Open aneeshjain opened 3 years ago
Enable debug log in TF. Watch nvidia-smi. Might need to update cuda and/or cudnn or both. Being stuck likely means driver unable to reach hardware aka GPU and sits there waiting for access. https://www.tensorflow.org/api_docs/python/tf/data/experimental/enable_debug_mode
@vitalyli I did enable the debug log by putting in tf.data.experimental.enable_debug_mode() as suggested.
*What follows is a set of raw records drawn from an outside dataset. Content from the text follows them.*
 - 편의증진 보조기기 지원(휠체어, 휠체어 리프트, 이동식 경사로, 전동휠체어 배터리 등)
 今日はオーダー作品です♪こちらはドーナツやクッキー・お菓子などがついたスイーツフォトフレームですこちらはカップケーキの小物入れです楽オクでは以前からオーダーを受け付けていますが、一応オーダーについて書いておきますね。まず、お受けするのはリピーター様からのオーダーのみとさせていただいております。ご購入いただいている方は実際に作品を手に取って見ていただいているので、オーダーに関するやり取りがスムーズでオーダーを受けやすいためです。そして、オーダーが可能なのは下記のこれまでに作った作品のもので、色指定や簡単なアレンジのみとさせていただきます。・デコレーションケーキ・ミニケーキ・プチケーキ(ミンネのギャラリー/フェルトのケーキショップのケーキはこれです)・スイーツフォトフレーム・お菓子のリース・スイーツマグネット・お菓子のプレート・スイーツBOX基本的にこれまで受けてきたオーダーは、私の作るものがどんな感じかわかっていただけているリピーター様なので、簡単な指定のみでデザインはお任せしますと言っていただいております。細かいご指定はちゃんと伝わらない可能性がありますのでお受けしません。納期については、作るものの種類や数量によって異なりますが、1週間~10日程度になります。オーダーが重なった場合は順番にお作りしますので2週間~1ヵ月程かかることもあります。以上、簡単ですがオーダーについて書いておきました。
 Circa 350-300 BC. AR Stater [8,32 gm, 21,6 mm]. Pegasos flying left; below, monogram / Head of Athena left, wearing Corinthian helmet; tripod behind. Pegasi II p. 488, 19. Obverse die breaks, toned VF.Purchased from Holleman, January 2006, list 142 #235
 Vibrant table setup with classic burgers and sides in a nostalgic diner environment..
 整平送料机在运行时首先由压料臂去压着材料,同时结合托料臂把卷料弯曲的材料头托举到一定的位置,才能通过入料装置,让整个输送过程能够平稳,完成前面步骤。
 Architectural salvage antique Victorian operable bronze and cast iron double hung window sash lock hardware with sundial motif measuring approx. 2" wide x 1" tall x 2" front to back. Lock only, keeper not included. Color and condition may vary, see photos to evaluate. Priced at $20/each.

However I did not see anything different in the output that would help me diagnose the problem. Also below is a snapshot of nvidia-smi at the moment the program gets stuck
I managed to get the debugger working and got the following error along with multiple deprecation warnings
labels, mode, params, config)
File "/home/aneesh/.local/lib/python3.7/site-packages/tensorflow_ranking/python/model.py", line 385, in _compute_logits_impl
config)
File "tf_ranking_libsvm.py", line 333, in _score_fn
input_layer, training=is_training)
File "/usr/local/lib/python3.7/dist-packages/keras/legacy_tf_layers/normalization.py", line 454, in batch_normalization
return layer.apply(inputs, training=training)
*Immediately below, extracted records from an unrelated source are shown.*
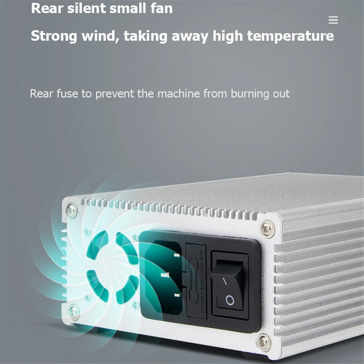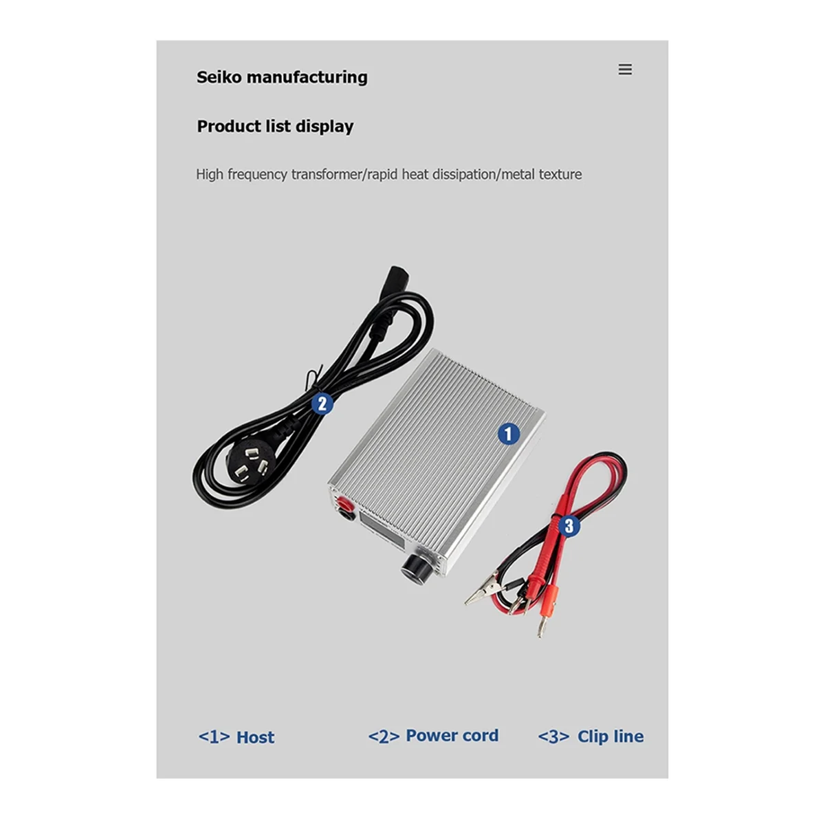 Nueva caja de detección de cortocircuito de PCB para el mantenimiento de la placa base de teléfonos móviles. Puede ayudar a los técnicos a evaluar con precisión y rapidez la interrupción actual de la placa principal. Adecuado para la mayoría de teléfonos móviles y computadoras, se puede detectar fallas de cortocircuito en la placa de circuito de cualquier teléfono móvil y computadora portátil. Pequeño ventilador trasero silencioso, viento fuerte, eliminando altas temperaturas. Fusible trasero para evitar que la máquina se queme. Clip de tigre duradero, medición precisa, alambre de silicona suave. El cortocircuito se puede detectar y reparar en unos segundos. Tipo de enchufe: Enchufe europeo, se aplica a Indonesia, Alemania, Francia, España, Italia, etc. Voltaje: AC220V Tamaño: 10 x 12 x 4,5 cm Material: Metal Color: plata Contenido del paquete: 1 x Host 1 x Cable 1 x enchufe europeo Solo el contenido del paquete anterior, otros productos no están incluidos. Nota: Los reflejos de la luz y las diferentes pantallas pueden hacer que el color del elemento en la imagen sea un poco diferente al real. El error de medición permitido es +/- 1-3 cm.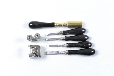 A SET OF PURDEY PATTERN GUN CASE ACCESSORIES comprising: three turnscrews, striker key, chamber brush, named oil bottle and 12-bore snap caps (8) |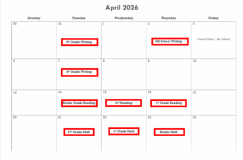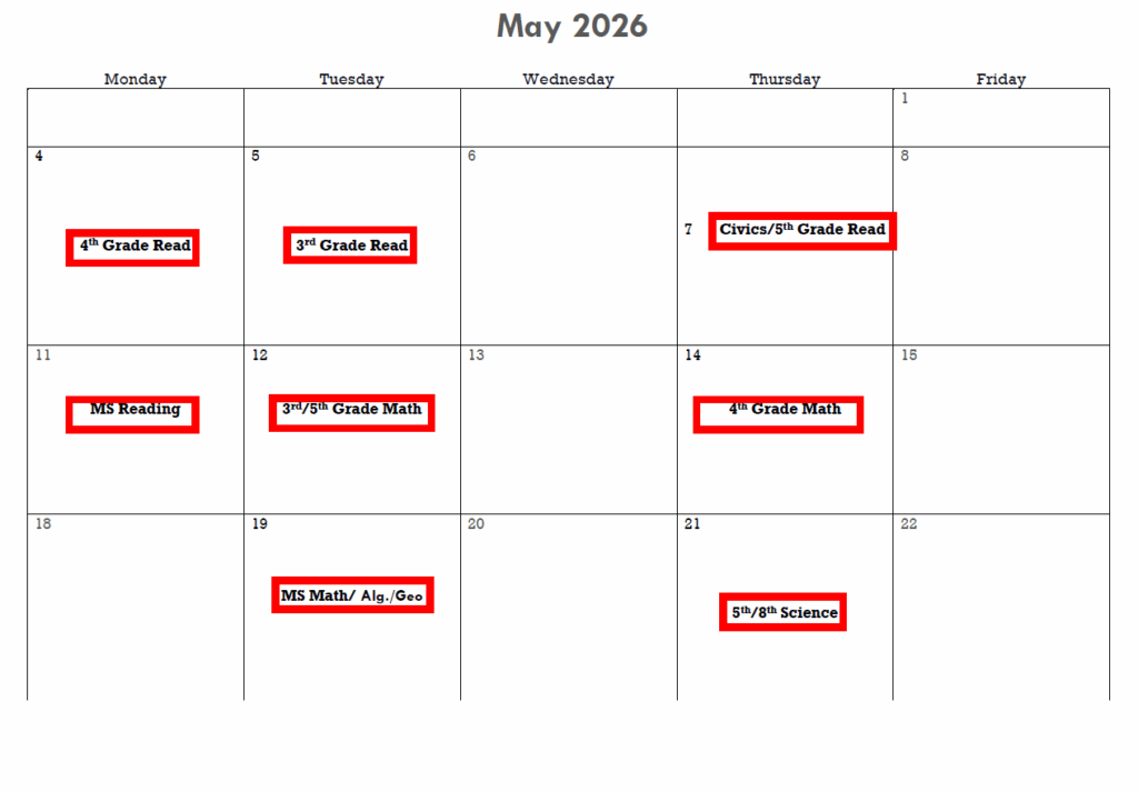Testing Calendar Revised

File "/usr/local/lib/python3.7/dist-packages/keras/engine/base_layer_v1.py", line 1679, in apply
return self.__call__(inputs, *args, **kwargs)
File "/usr/local/lib/python3.7/dist-packages/keras/legacy_tf_layers/base.py", line 567, in __call__
outputs = super(Layer, self).__call__(inputs, *args, **kwargs)
File "/usr/local/lib/python3.7/dist-packages/keras/engine/base_layer_v1.py", line 745, in __call__
self._maybe_build(inputs)
File "/usr/local/lib/python3.7/dist-packages/keras/engine/base_layer_v1.py", line 2068, in _maybe_build
self.build(input_shapes)
File "/usr/local/lib/python3.7/dist-packages/keras/layers/normalization/batch_normalization.py", line 373, in build
(tuple(input_shape), self.axis))
ValueError: Input has undefined `axis` dimension. Received input with shape (None, None). Axis value: [1]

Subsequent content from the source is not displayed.